I looked at my photocopy of Belson’s report.
“Lillian Temple,” I said, “and Amir Abdullah.”
“Amir,” Hawk said.
He was looking at a squirrel who kept skittering closer to us, and rearing up and not getting anything to eat and looking as outraged as squirrels get to look.
“You know Amir?” I said.
> “Yeah, I do,” Hawk said.
“Tell me about him,” I said. A man in an oversized double-breasted suit walked by eating peanuts from a bag.
“Gimme one of your peanuts, please,” Hawk said.
The man in the big suit looked flustered and said, “Sure,” and held the bag out to Hawk. Hawk took a peanut out and said, “Thank you.” Big Suit smiled uncomfortably and walked on. Hawk gave the peanut to the squirrel and then said again, “Amir.”
I waited.
“Amir embarrassed as hell he didn’t grow up poor. And he embarrassed as hell he lived where there was white folks and he been working for the Yankee dollar all his life.”
“Most of us do,” I said.
“But Amir, he never had no ghetto to drag himself out of, and been treated decent by all the white folks he met along the way, and he got a scholarship and then he got another one and he got a nice middle-class income and now he got a Ph.D. and he can’t stand it.”
“Poor devil,” I said.
“So to make up,” Hawk said, “Amir so down even I don’t understand him when he talk.”

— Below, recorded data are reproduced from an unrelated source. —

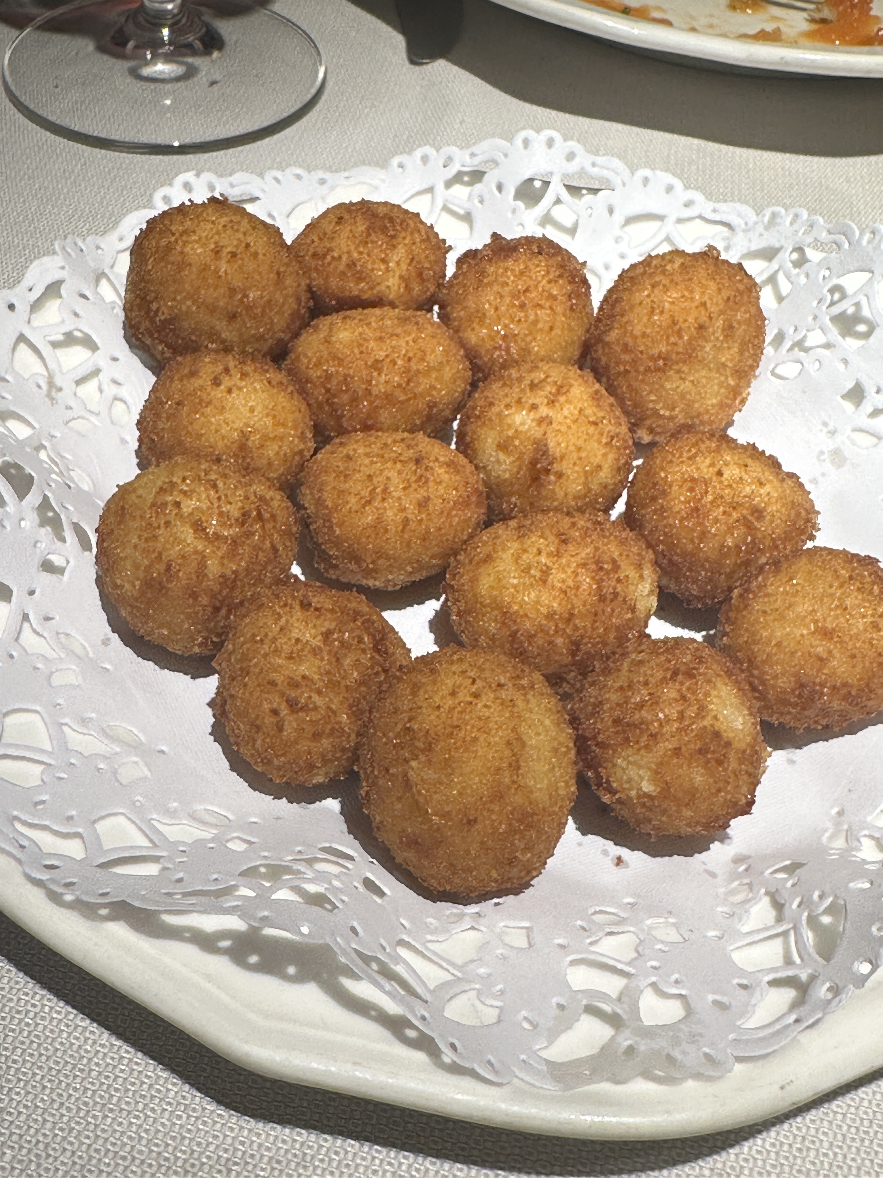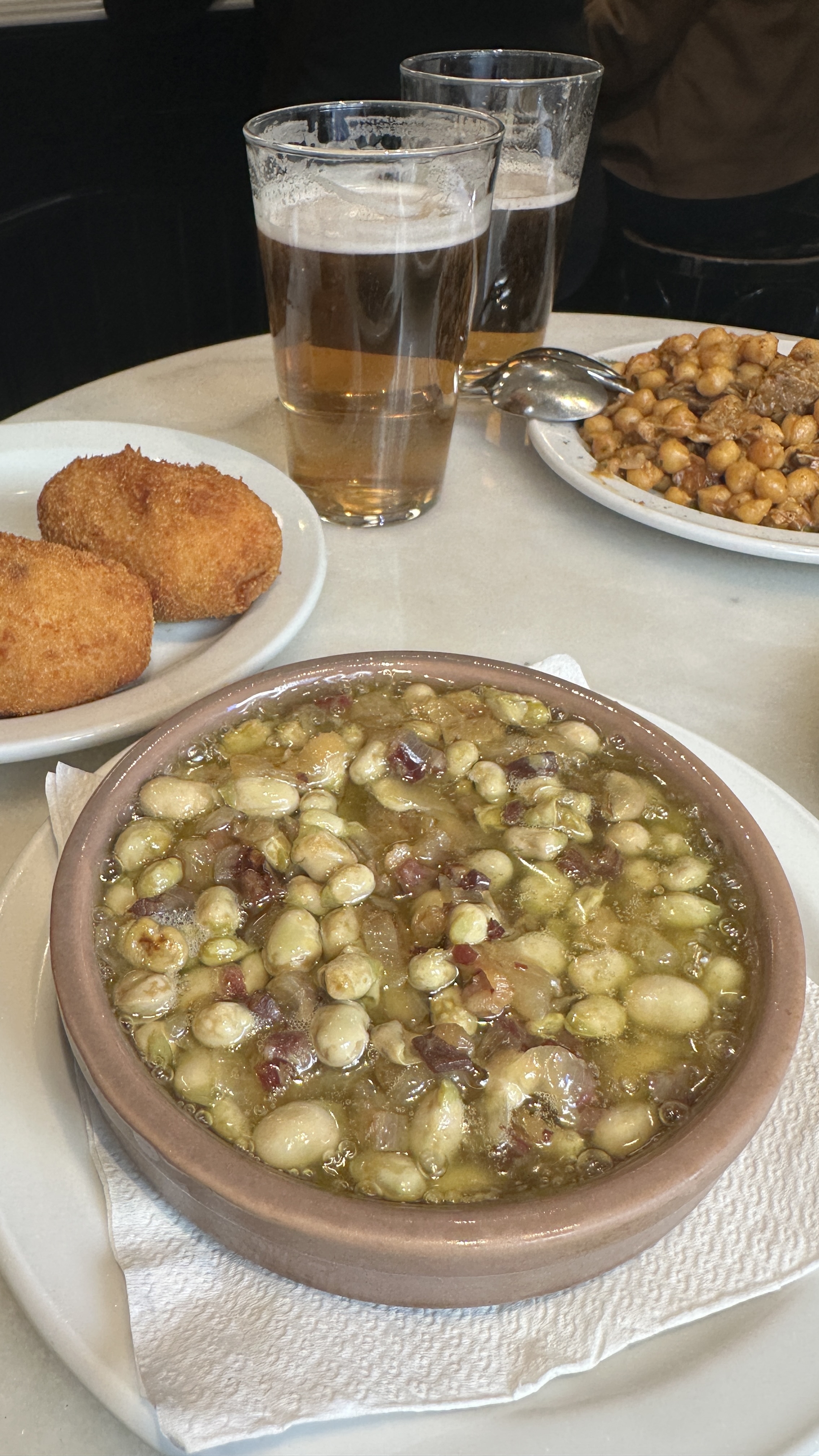 Our plan was to sit in the restaurant part of this establishment, for a more leisure lunch, but alas we were only given the option of tapas at the bar as we arrived quite late for lunch. So we perched on high stools and chose some tasty eats to give us a send off before we headed off the airport. There was a distinct absence of green vegetables, however we did order some tasty broad beans, bubbling in olive oil with jamon; most things tended to come with some pork product too. The croquetas de jamon were huge, piping hot and delicious.
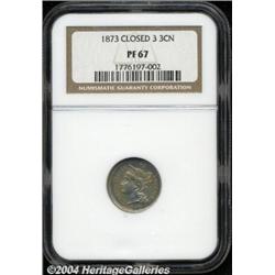 <B>1873<3CN> Closed 3 PR67 NGC.</B></I> Closed 3, as are all proofs of this date and denomination. This Superb Gem is fully struck and exquisitely preserved, with mark-free, mildly reflective, beautifully toned surfaces, showing a pleasing mix of sea-green, beige-gray, and apricot toning. Population: 2 in 67, 0 finer (4/04). <BR><BR><B>Important notice:</B> Heritage usually auctions material at the rate of 200-250 lots per hour. On some occasions eBay Live bid software or the Internet may not be able to keep up with the pace of the auction. We recommend placing a realistic absentee bid now as insurance to avoid disappointment. Occasionally the auctioneer may eliminate or reject an eBay Live bid, and the auctioneer may also reopen a lot after the close of the eBay live bidding (usually because we missed an audience bid), and may reject your bid even if it shows you as the winning bidder. By bidding via eBay Live, you agree that Heritage may award the lot to another bidder at its sole discretion under the circumstances described above or any other reasonable circumstances. Since eBay bids are not shown to us until we open the lot on the floor, we treat those bids just like floor bids. In most cases the floor responds before the eBay bid is presented to us, due to Internet lag time, so for consistency we have made it a policy that floor bids are always considered first over tie eBay live bids. Also please note that all Heritage lots purchased through eBay Live carry a 20% Buyer's Premium. Please make sure you read the Terms and Conditions before you bid.
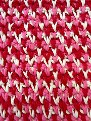 This crochet spike stitch pattern combines red, white, and pink cotton to create a textured, heart-like look with a clean single crochet border.
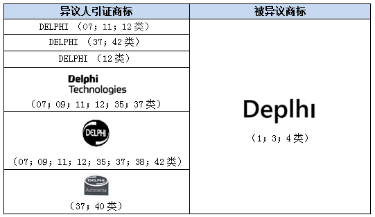 一名土耳其個人申請了“DEPLHI”第1;3;4類商標,指定使用在第1類化學品、第3類漂白、清潔劑和第4類工業用油、粘合劑等商品上。DELPHI TECHNOLOGIES IP LIMITED公司對該商標提起異議,異議人并無第1;3;4類在先商標,而是基于其他類別上在先注冊的“DELPHI”商標,援引土耳其《工業產權法》第6條第1款“混淆誤認”和第6條第9款“惡意”條款進行異議。雙方商標情況如下:
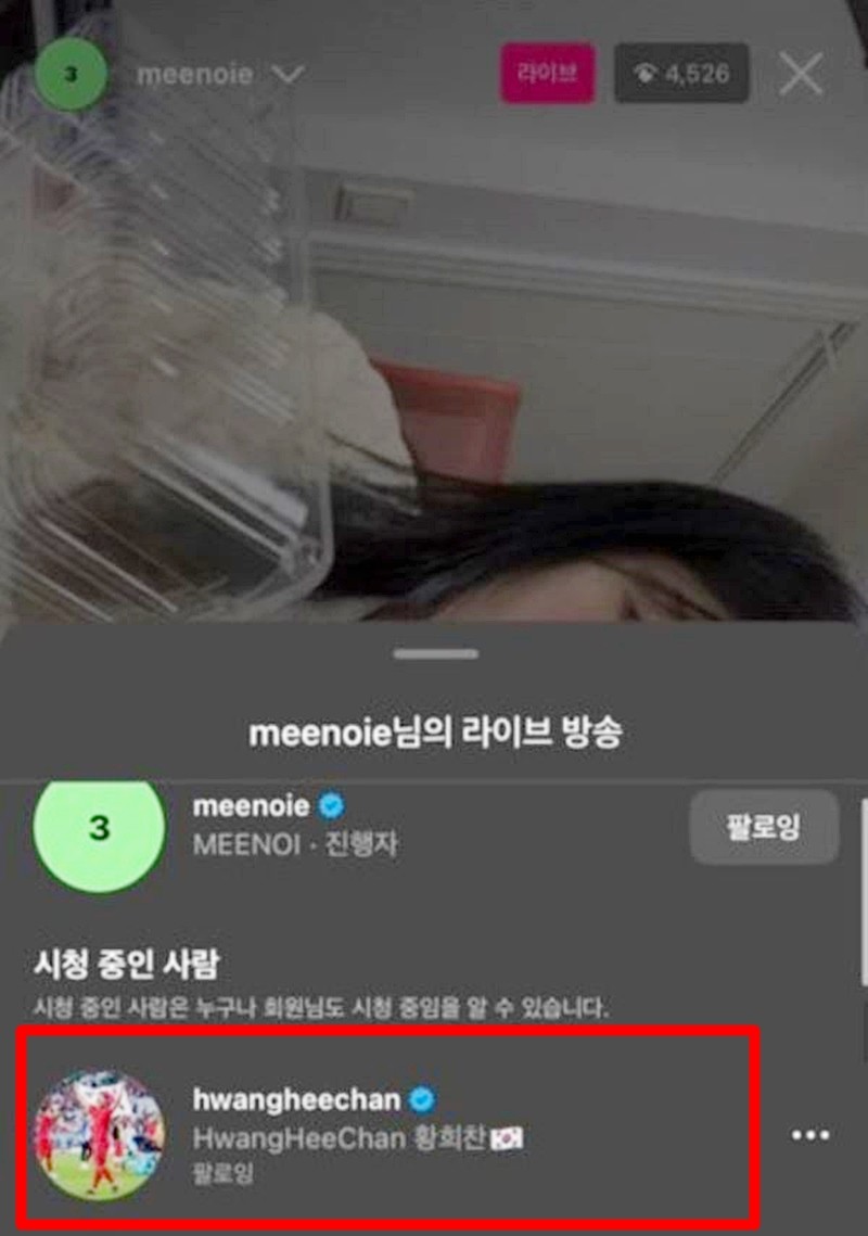 주인공은 축구 대표팀 공격수 황희찬이었다. 그는 인스타그램 가계정이 아니라 본계정으로 라방을 시청한 것으로 전해졌다.
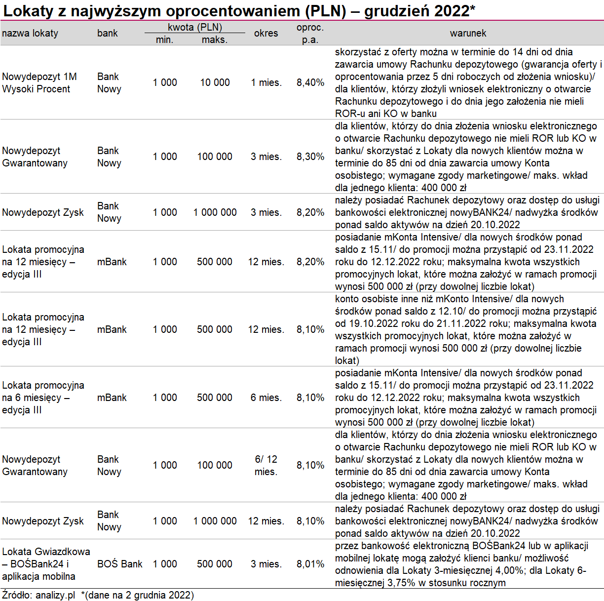 Z najwyższym do tej pory oprocentowaniem lokaty mieliśmy do czynienia w październiku, gdy Bank Nowy proponował nowym klientom 8,50% w skali roku na miesięcznym (niestety tylko) Nowymdepozycie Wysoki Procent. Miesiąc później odsetki były już o punkt procentowy niższe, by teraz wzrosnąć do 8,40%. Wystarcza to do zajęcia pierwszego miejsca w zestawieniu. Lokata jest przeznaczona dla nowych klientów (promocja obowiązuje przez 14 dni od założenia konta) i przez miesiąc oferuje 8,40% w skali roku dla kwot od tysiąca do 10 tys. zł. W najlepszym wypadku po miesiącu i po odprowadzeniu podatku otrzymamy więc 57 zł.
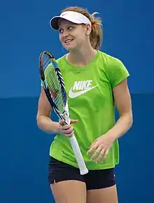 Šafářová had a match point in the third round of the Australian Open against Li Na, but was eventually beaten in three sets as Li went on to win her second major title.[11] At the Miami Open, she lost in three tight sets to Maria Sharapova in the third round. She would go on to lose to Sharapova again in the first round of the Porsche Tennis Grand Prix. At Roland Garros, she was the 23rd seed and defeated the in-form Ana Ivanovic in the third round, but lost in the next round to Svetlana Kuznetsova, in straight sets. At Wimbledon, she reached her first ever Grand Slam semifinal, where she lost in two sets to fellow Czech Petra Kvitová.[12][13] In November, Šafárová was a part of the Czech Fed Cup team that played the final against Germany. In front of the home crowd at the O2 Arena in Prague, she won her singles match against Angelique Kerber in straight sets, which contributed to a 3–1 victory for the Czech team.[14]
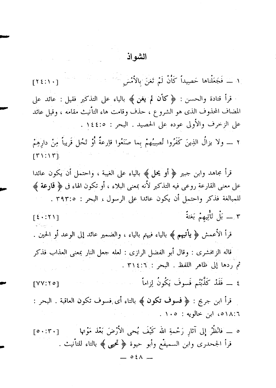 قرأ قتادة والحسن: {كأن لم يغن} بالياء على التذكير فقيل: عائد على المضاف المحذوف الذي هو الشروع، حذف وقامت هاء التأنيث مقامه، وقيل عائد على الزخرف والأولى عوده على الحصيد. البحر: 5: 144.

“So he’ll be really pleased to help me with this investigation,” I said.
“Can’t hide the fact that you a blue-eyed devil, but I maybe talk to him with you,” Hawk said. “Give you some, ah, authenticity.”
The aggressive squirrel returned and looked at Hawk, sitting up on its hind legs, balancing on its disproportionate tail.
“Give a squirrel a peanut and you feed him for a moment,” I said. “But teach him to grow peanuts…”
“You and Amir going to get along so good,” Hawk said. “Can’t wait to watch.”
“How about Ms. Temple,” I said, “I don’t suppose you know her.”
“How I going to know her?” Hawk said.
“Well, for a while you were running a sub-specialization in female professors,” I said. “She coulda been one of them.”
“Good-looking female professors,” Hawk said.
“How do you know Prof. Temple isn’t good-looking?”
“Don’t,” Hawk said. “But the odds are with me.”
“Just because she’s an academic?” I said.
“Where she live?” Hawk said.
I checked my notes. “Cambridge,” I said.
Hawk smiled.
“Well, it doesn’t actually prove she’s not a looker,” I said.
Hawk continued to smile.
“This is bigotry,” I said. “You’re generalizing based on profession and residence.”